Western Blotting (WB)
Six snap-frozen MDLSCC samples from the original cohort of 10 patients included in DAB IHC staining underwent WB as previously described (32), using primary antibodies for NANOG (1:1,000; cat# ab47102, Abcam), OCT4 (1:2,000; cat# ab109183, Abcam), pSTAT3 (1:1,000; cat# 9145, Cell Signaling Technology), SOX2 (1:1,000; cat# PA1-094, Thermo Fisher Scientific), and β-actin (1:1,000; ab8226, Abcam). Two primary antibodies were used for SALL4 (1:1,000, cat# ab57577 and 1:1,000, cat# ab157172, both from Abcam). Secondary antibodies used were goat anti-rabbit horseradish peroxidase (HRP) conjugate (1:10,000; cat# A16110, Thermo Fisher Scientific) or Alexa Fluor® 647 rabbit anti-mouse (1:2,000; cat# A21239, Thermo Fisher Scientific) as appropriate. HRP conjugated secondary antibody detection was achieved using Clarity™ Western ECL substrate (Bio-Rad). Membranes were imaged using a ChemiDoc MP imaging system (Bio-Rad).
ResultsHistochemical and IHC Staining
Hematoxylin and eosin staining confirmed the diagnosis and histological grading of MDLSCC in all 10 samples. Staining patterns for the CSC markers in all 10 samples are shown in Table S1 in Supplementary Material.

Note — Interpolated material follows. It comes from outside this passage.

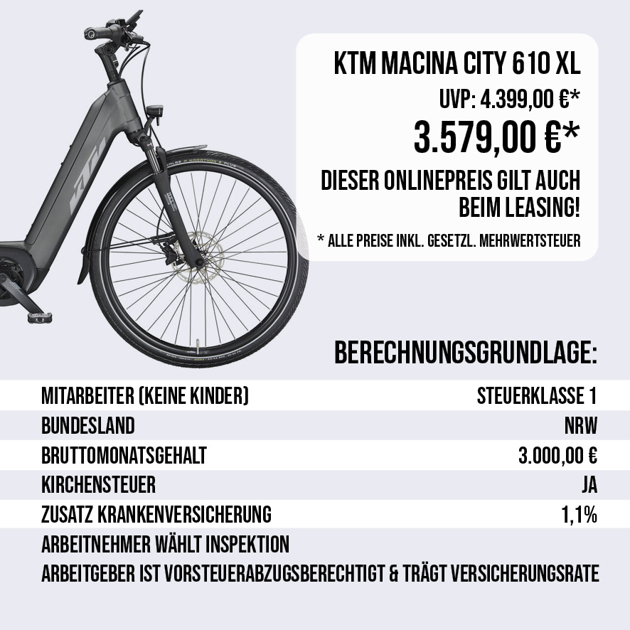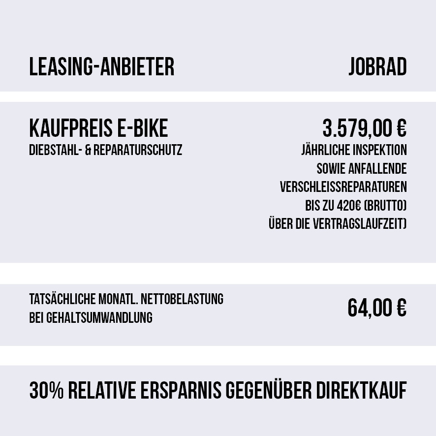 Dank unserer Partnerschaften mit führenden Anbietern wie Jobrad, Lease a Bike, Eurorad und anderen bieten wir dir die Möglichkeit, dein Traum-E-Bike unkompliziert und bequem über deine monatliche Gehaltsabrechnung zu leasen. Ein klarer Vorteil für dich: Die Leasingraten werden direkt von deinem Bruttogehalt abgezogen, sodass du von einer Steuerersparnis profitierst. Profitiere von einer günstigen 0,25 %-Besteuerung bei der Gehaltsumwandlung und spare so bis zu 40 % im Vergleich zum Direktkauf. Unsere Leasingpartner sorgen für ein sorgenfreies Fahrerlebnis und bieten dir Rundum-Schutzpakete, die bei Diebstahl, Unfällen oder Pannen schnelle Hilfe garantieren. Weiter unten findest du eine detaillierte Beispielrechnung mit Jobrad, einem unserer Leasingpartner. Deine individuelle Leasingrate kannst du mit dem passenden Rechner deiner Leasinggesellschaft schnell und unverbindlich hier berechnen. Jetzt losradeln und sparen! Berechne jetzt deine Leasingrate hier und genieße die Vorteile des Fahrradleasings mit nur ein paar Klicks.

DAB IHC staining demonstrated that some cells within the tumor nests (TNs) stained positively with the SCC marker EMA (data not shown), as expected. There was also membranous staining of the CSC marker CD44 (Figure 1A, brown) that was localized to cells within the TNs and the stroma. Staining of NANOG (Figure 1B, red), pSTAT3 (Figure 1C, brown), SALL4 (Figure 1D, brown), and SOX2 (Figure 1E, brown) was localized to cells within the TNs and the stroma. Immunoreactivity for OCT4 (Figure 1F, red) was primarily cytoplasmic and focal in cells within the stroma.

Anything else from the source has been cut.